= What the task asks =
All of the data below should be printed again exactly, pictures excluded.

= Provided data =
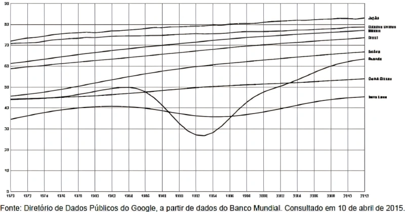 GeografiaFPP2016Sobre o indicador da expectativa de vida de um país ou região, observe e analise o gráfico a seguir:
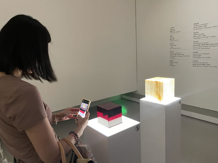 那是一種很微妙的感受。開始的時候,人們更多會對這些臟器的形狀和大小而驚訝:“誒,肝臟有這么大嗎?”“這個腦子和樓下的頭骨是一起的嗎?感覺更大一些……能裝進(jìn)去嗎…”當(dāng)表層的視覺好奇得到解答后,觀眾卻并沒有選擇走開,而開始一圈圈的巡視或者隔開一段距離的觀望——這個過程,是沉默的。當(dāng)我們看向那靜止的石頭,它既熟悉又陌生,雖靜態(tài)卻又仿佛隨著燈光起伏,它的材質(zhì)本應(yīng)該冰冷,但它在身體中卻是溫?zé)岬摹?.在這漫長的沉默與對望中,觀者抽離著自己又將自身反現(xiàn)于眼前。
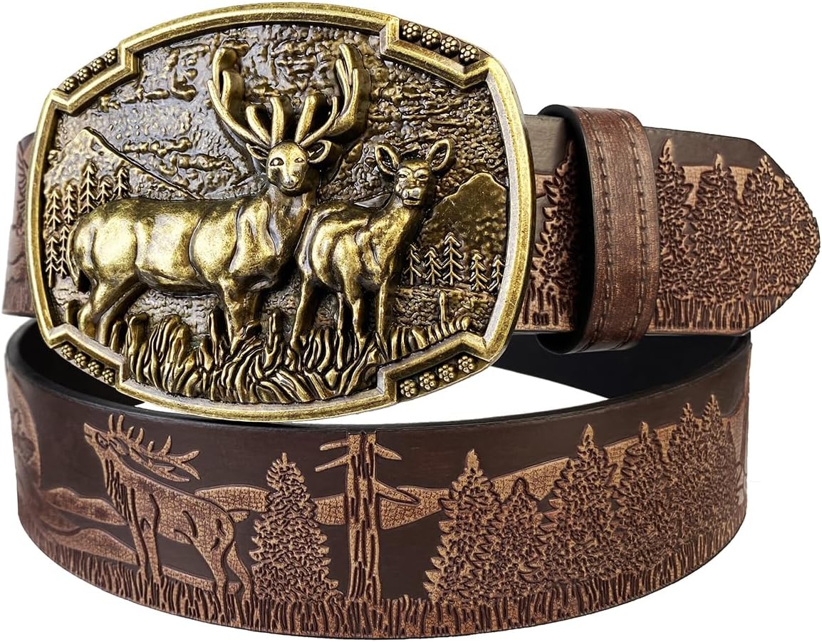 TOPACC Western Belts for Men Woman Western Belt Buckle Cowgirl Cowboy Leather Country Belt for Jeans Pants Gift

= Task solution =
 GeografiaFPP2016Sobre o indicador da expectativa de vida de um país ou região, observe e analise o gráfico a seguir:
 那是一種很微妙的感受。開始的時候,人們更多會對這些臟器的形狀和大小而驚訝:“誒,肝臟有這么大嗎?”“這個腦子和樓下的頭骨是一起的嗎?感覺更大一些……能裝進(jìn)去嗎…”當(dāng)表層的視覺好奇得到解答后,觀眾卻并沒有選擇走開,而開始一圈圈的巡視或者隔開一段距離的觀望——這個過程,是沉默的。當(dāng)我們看向那靜止的石頭,它既熟悉又陌生,雖靜態(tài)卻又仿佛隨著燈光起伏,它的材質(zhì)本應(yīng)該冰冷,但它在身體中卻是溫?zé)岬摹?.在這漫長的沉默與對望中,觀者抽離著自己又將自身反現(xiàn)于眼前。
 TOPACC Western Belts for Men Woman Western Belt Buckle Cowgirl Cowboy Leather Country Belt for Jeans Pants Gift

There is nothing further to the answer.